There is never a do-over when a DNR con­sent is put into force. Three years after her arrest and revival, my mother is still liv­ing with her fam­ily. Her recov­ery was made more costly and dif­fi­cult by that sen­tinel event and by a suc­ces­sion of other hos­pi­tal mishaps and fail­ures. But she remains curi­ous about the world around her, engages in con­ver­sa­tions and enjoys her music and her gar­den. Fam­ily meals are her favorite time of day. Our mother’s is still a life that gives and receives joy. How would we feel today if we had deprived her, and our­selves, of that by acced­ing to the hospital’s urgings?

Life and death choices can never be left to whim, nor should they be made dur­ing emo­tion­ally charged cir­cum­stances or in peri­ods of utter exhaus­tion. There is no room for used-car sales­man tac­tics on the part of med­ical pro­fes­sion­als when it comes to DNR deci­sions. In sit­u­a­tions where a fam­ily mem­ber has not pro­vided advance direc­tives as to their wishes, there needs to be a com­mon pro­to­col, set out in law, estab­lish­ing what steps hos­pi­tals are required to take in seek­ing and obtain­ing a DNR order. It should, at a min­i­mum, be based on informed con­sent about the con­di­tion of the patient and prog­no­sis for recov­ery. It should involve two meet­ings with a senior physi­cian, not some­one just learn­ing their craft. In addi­tion, steps in the resus­ci­ta­tion process should be spelled out clearly. Some fam­i­lies might agree to any effort short of chest com­pres­sions, where there could be a risk of injury.
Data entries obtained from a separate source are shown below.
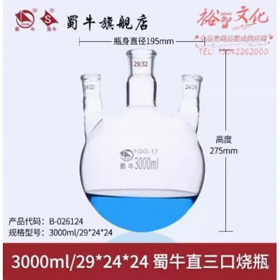 蜀牛 直三口烧瓶三口圆底烧瓶反应瓶 3000ml/29*24*24 直三口烧瓶 (SKU:yzwhyp942155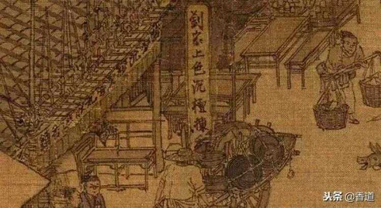 由于宋代海外贸易兴盛,人们很轻易的就能取得来自诸国的各种香药。在张择端的《清明上河图》中绘有一家香药铺——“刘家上色沉檀拣香铺”。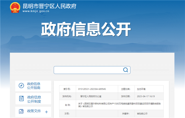 4月17日,云南省昆明市晉寧區(qū)人民政府發(fā)布了昆明日昌升新材料有限公司年產(chǎn)1500萬(wàn)噸骨料項(xiàng)目環(huán)評(píng)公示。該項(xiàng)目總投資15億元,其中生產(chǎn)加工區(qū)投資9.5億元。項(xiàng)目建成后主要生產(chǎn)石粉、機(jī)制砂(0-5mm)、瓜子石(5-15mm)、寸子石(15-25mm)骨料產(chǎn)品。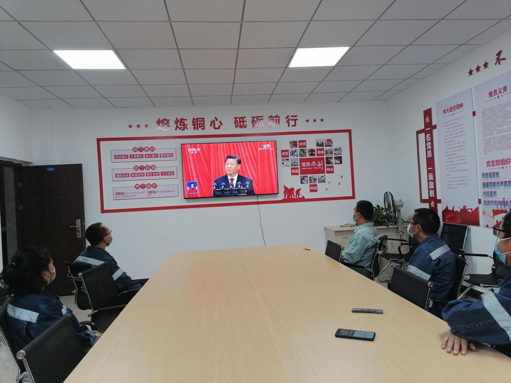顶吹炉党员工序长白金龙在收看了会议盛况后表示:“作为一名新时代党员工序长,我将深入学习领会报告精神,把党旗插到技术创新、抗疫稳产和职工群众最需要的地方,让党旗所指成为全员行动所向。”

The full range of med­ical options need to be dis­closed. It goes with­out say­ing that aggres­sive atti­tudes and per­sonal agen­das on the part of med­ical per­son­nel should be left at the door and their inter­ac­tions with fam­i­lies should always be sen­si­tive and compassionate.
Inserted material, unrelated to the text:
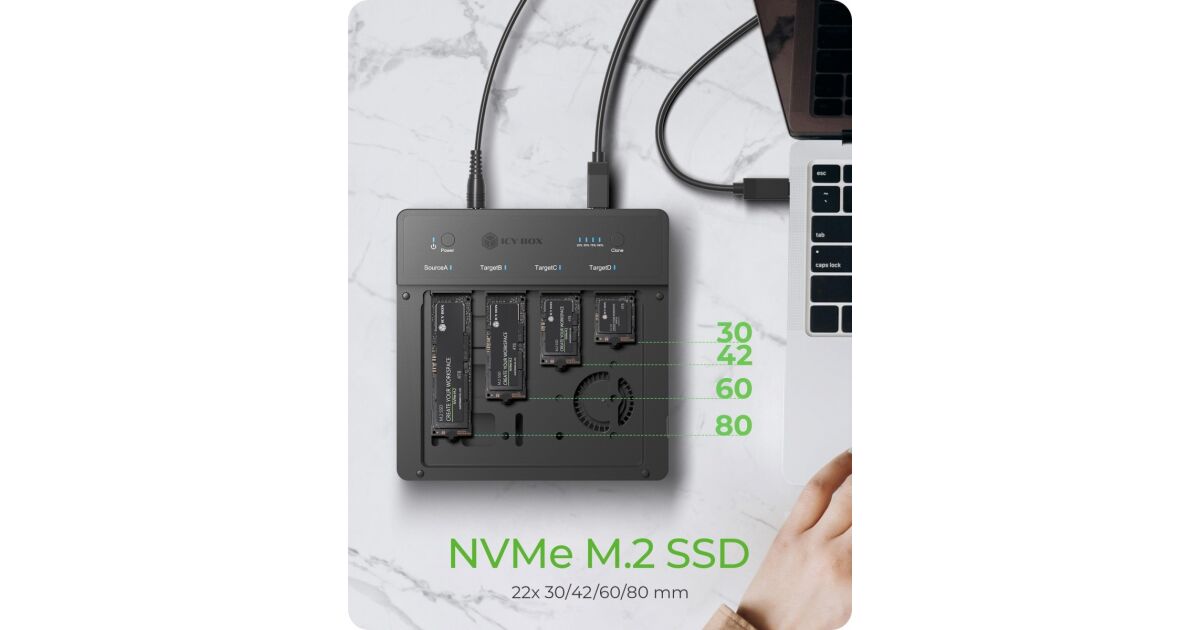 Gyorsítsa fel adatátviteli folyamatait és egyszerűsítse az NVMe M.2 SSD-k kezelését a RaidSonic ICY BOX IB-4013MCL-C4 dokkolóállomással! Ez a sokoldalú eszköz lehetővé teszi négy NVMe M.2 SSD egyidejű csatlakoztatását, klónozását és kezelését, mindezt villámgyors USB Type-C kapcsolaton keresztül.

These are a few ideas to start a pub­lic con­ver­sa­tion that should begin imme­di­ately as more and more patients and fam­i­lies will face life and death deci­sions in the hos­pi­tal set­ting. Patient Pro­tec­tion Canada is work­ing on devel­op­ing a core set of account­abil­ity prin­ci­ples gov­ern­ing the rela­tion­ship between the health­care sys­tem and the patient. The DNR decision-making process, and issues like “slow code,” will be addressed in these principles.